Task item:
Nothing outside the range is to be copied. From the entries below, reproduce exactly the lines starting at the one with "Fototapeta premium ginger" and ending at the one with "Любимая Печка, пекарня", without pictures.

*** Provided records ***

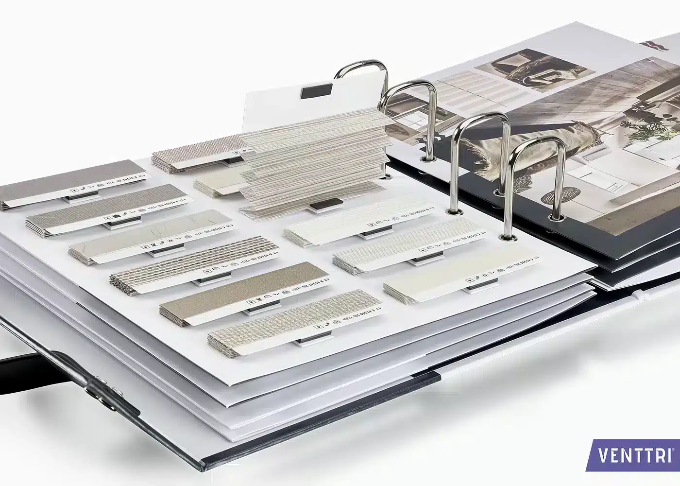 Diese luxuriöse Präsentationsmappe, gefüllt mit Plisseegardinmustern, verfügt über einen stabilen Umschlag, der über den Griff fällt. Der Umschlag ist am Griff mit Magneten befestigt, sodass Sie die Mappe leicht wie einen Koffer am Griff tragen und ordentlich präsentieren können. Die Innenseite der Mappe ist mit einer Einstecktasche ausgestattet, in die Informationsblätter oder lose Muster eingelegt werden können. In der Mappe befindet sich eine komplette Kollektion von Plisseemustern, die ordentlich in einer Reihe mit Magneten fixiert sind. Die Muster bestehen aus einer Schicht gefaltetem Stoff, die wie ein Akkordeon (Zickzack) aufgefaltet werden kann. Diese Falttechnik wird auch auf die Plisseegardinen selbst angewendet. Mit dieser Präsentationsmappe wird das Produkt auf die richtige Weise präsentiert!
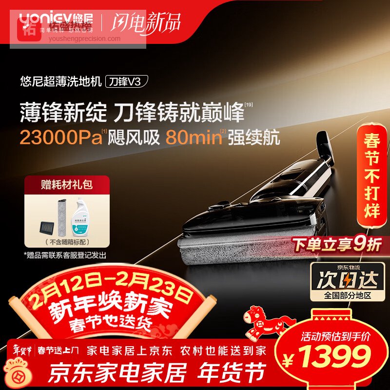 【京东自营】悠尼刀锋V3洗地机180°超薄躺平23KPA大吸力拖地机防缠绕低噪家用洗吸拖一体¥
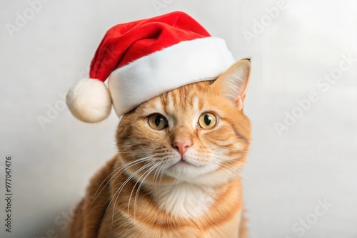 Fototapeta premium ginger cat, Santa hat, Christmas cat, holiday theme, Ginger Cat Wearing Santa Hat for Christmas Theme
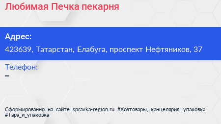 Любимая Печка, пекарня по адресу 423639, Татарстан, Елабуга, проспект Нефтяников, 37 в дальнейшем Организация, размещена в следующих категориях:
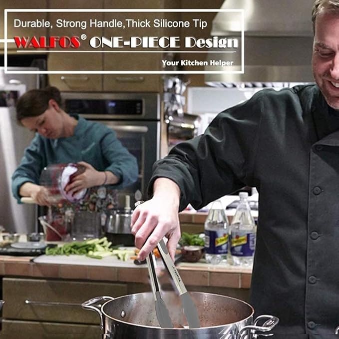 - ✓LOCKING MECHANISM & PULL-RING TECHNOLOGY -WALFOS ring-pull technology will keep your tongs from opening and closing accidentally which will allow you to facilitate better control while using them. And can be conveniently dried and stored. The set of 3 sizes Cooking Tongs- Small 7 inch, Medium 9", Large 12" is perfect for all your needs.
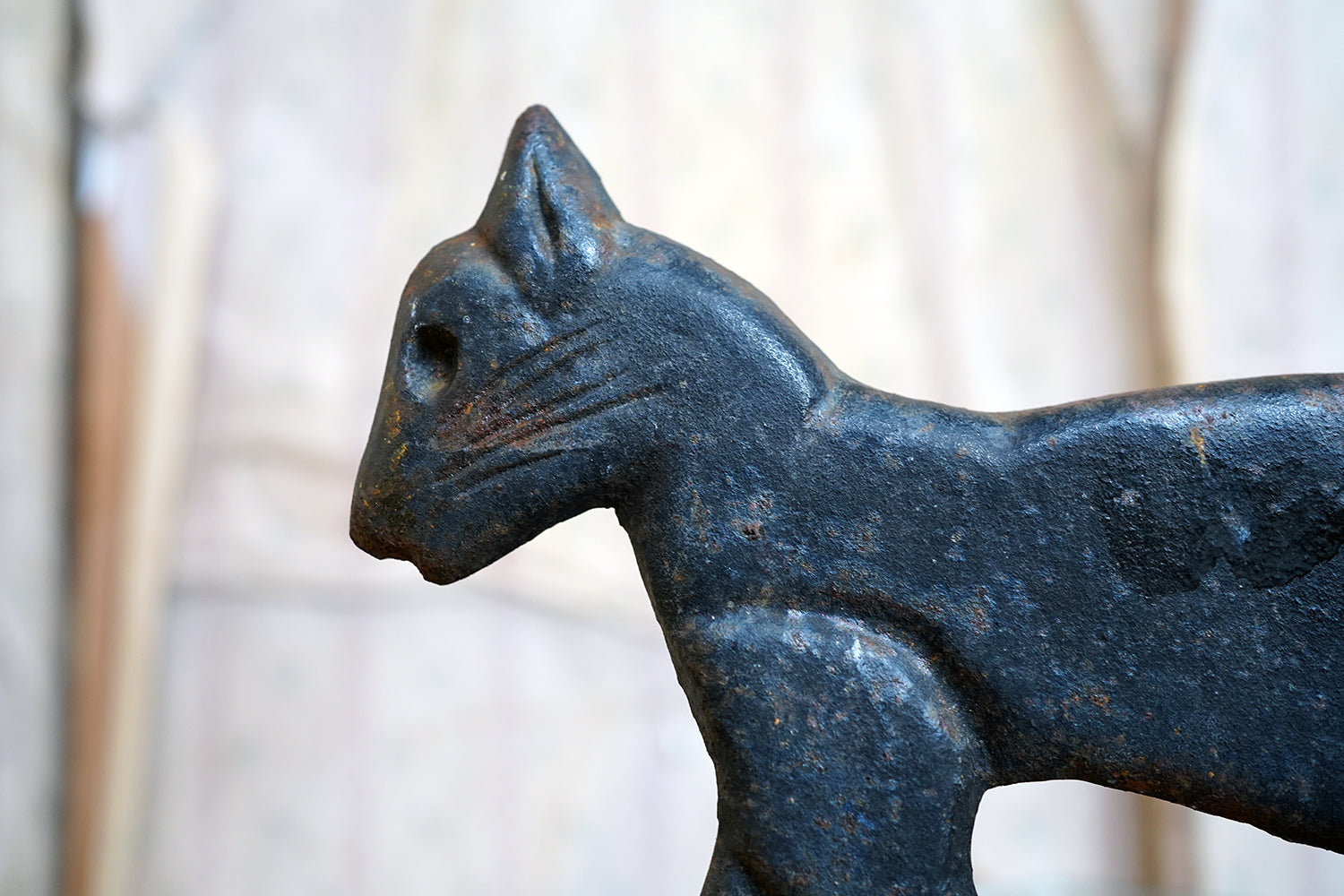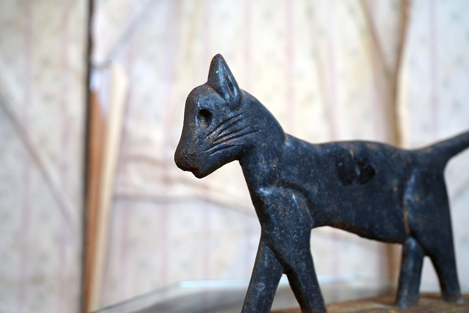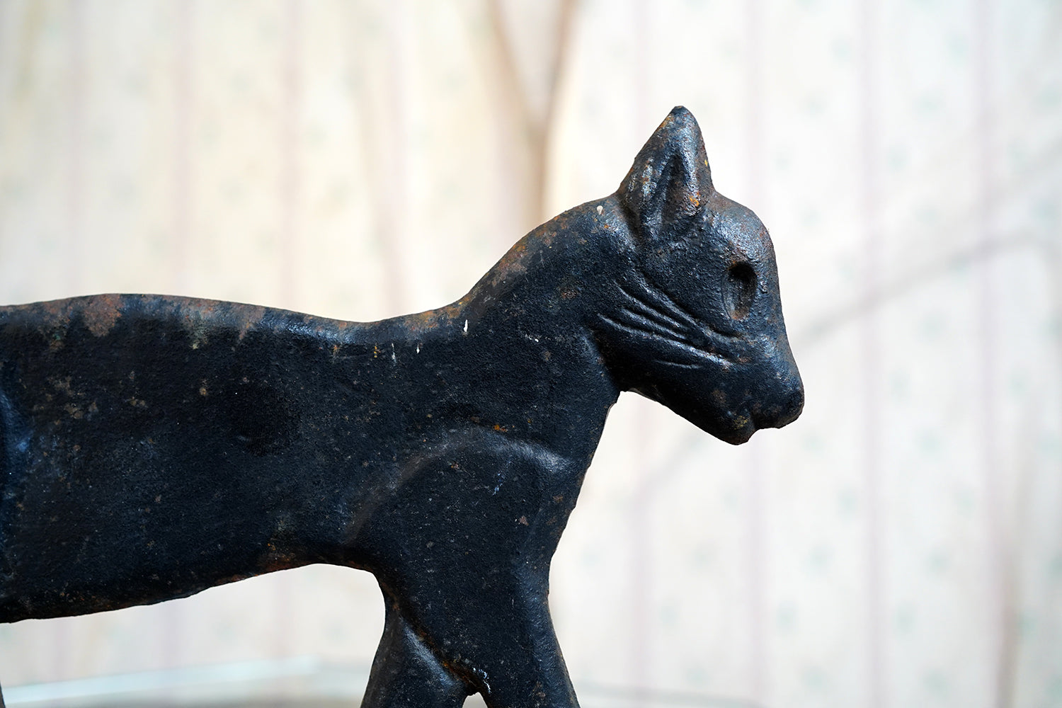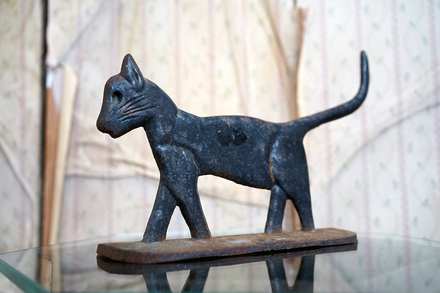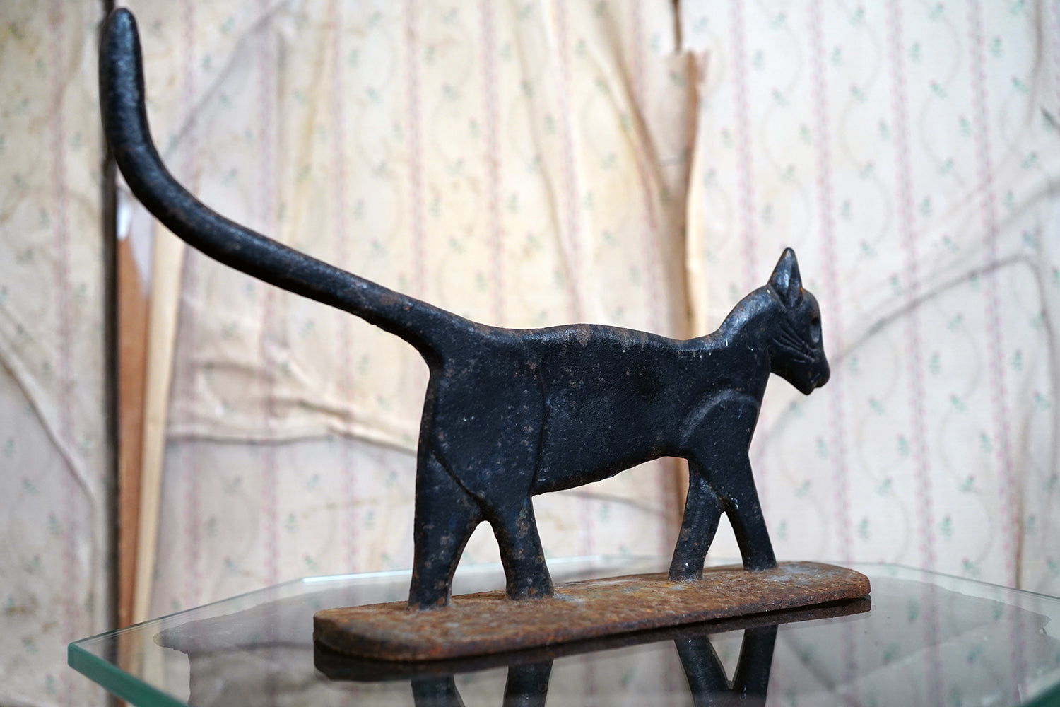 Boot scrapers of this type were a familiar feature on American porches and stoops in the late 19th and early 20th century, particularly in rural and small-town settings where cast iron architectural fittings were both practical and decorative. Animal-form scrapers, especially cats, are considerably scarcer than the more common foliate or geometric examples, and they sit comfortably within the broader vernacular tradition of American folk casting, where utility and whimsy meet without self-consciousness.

*** End of Provided records ***
*** Provided records ***

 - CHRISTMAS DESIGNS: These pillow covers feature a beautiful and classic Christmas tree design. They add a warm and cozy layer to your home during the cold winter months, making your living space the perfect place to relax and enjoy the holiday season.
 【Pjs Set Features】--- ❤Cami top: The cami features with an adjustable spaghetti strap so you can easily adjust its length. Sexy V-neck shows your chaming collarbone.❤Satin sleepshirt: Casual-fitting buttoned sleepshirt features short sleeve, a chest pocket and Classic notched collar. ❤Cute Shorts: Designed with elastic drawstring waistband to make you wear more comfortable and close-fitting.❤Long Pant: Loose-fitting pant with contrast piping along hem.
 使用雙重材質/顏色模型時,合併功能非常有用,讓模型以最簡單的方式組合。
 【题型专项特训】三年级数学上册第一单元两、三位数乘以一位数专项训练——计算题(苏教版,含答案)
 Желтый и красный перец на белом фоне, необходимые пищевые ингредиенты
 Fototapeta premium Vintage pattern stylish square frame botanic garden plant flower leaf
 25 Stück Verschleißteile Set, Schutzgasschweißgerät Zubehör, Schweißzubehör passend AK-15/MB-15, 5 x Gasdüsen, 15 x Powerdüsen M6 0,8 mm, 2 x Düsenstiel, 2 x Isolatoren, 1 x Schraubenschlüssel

*** End of Provided records ***

Task result:
 Fototapeta premium ginger cat, Santa hat, Christmas cat, holiday theme, Ginger Cat Wearing Santa Hat for Christmas Theme
 Любимая Печка, пекарня по адресу 423639, Татарстан, Елабуга, проспект Нефтяников, 37 в дальнейшем Организация, размещена в следующих категориях:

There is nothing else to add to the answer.